The Aledo district said it wasn’t given any notice before Paxton’s office filed the lawsuit, the Dallas Morning News reported.

In an email to Education Week, the Denton district’s chief communication officer, Julie Zwahr, said district officials agreed with Paxton’s assertion that election laws should be followed. It added that the district had “adopted board policies in 2018 and 2021 regarding elections and campaign ethics, and we train all trustees and administrators on these policies annually. It is our expectation that these policies be followed.”

Zwahr’s email noted, however, that districts across the state are facing critical budgeting decisions, and Denton’s officials want their community to know that the decisions elected officials make directly impact students, teachers and families.

In all, the situation shows that even seemingly neutral messages can expose district officials to rebuke if they come too close to an election or hint at a controversial measure like private school vouchers, said Tom Hutton, the former executive director of the Education Law Association, a nonprofit profit organization that works on legal issues that impact education.

Still, Paxton’s move will probably have downstream effects.

“A phone call or email would have been enough to sort this out. Principals will have a more conservative approach now, to speech that might be misinterpreted,” said McAfee of the state administrators association.

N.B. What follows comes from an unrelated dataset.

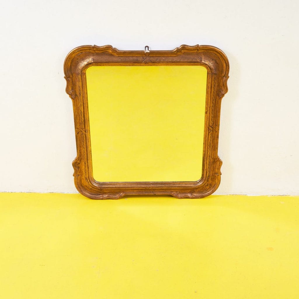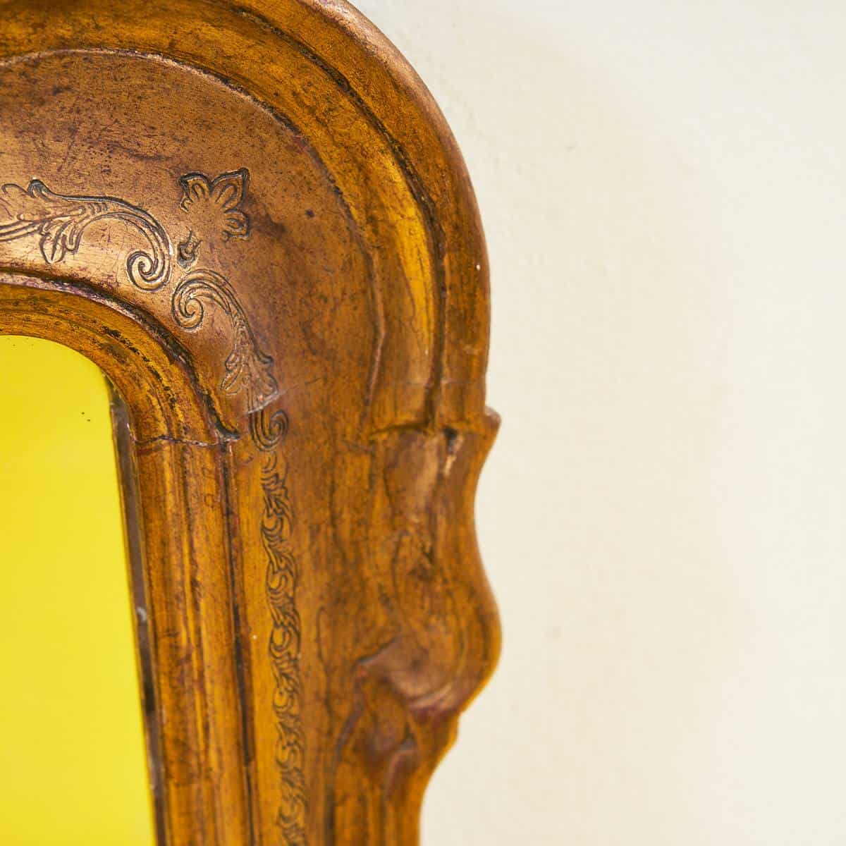Questo splendido specchio vintage, incorniciato in legno dorato, rappresenta un perfetto esempio di eleganza retro'. La sua cornice finemente dettagliata, con intagli delicati e finitura lucida, ... Questo splendido specchio vintage, incorniciato in legno dorato, rappresenta un perfetto esempio di eleganza retro'. La sua cornice finemente dettagliata, con intagli delicati e finitura lucida, cattura immediatamente l'attenzione. Ideale per ogni ambiente domestico, questo specchio porta un tocco di raffinatezza sia in un soggiorno che in una camera da letto. La tonalita' oro, calda e accogliente, rende l'oggetto un perfetto compagno per altri elementi di arredo vintage, creando un'atmosfera romantica e nostalgica. Un must-have per gli amanti dell'arte e del design che desiderano aggiungere un elemento distintivo alla loro casa. Altro

Indeed, the lawsuits put officials in a tough place.

“Public school employees might feel like they need to do something about these resources being taken away. They shouldn’t do it through their public institution but it’s an easy to run afoul of that guideline. It can seem like a trap to them,” said Hutton.

The March 5 elections resulted in the ousting of five of the 21 representatives who opposed the voucher bill, both Democrat and Republican, and sent three others to a runoff election in May.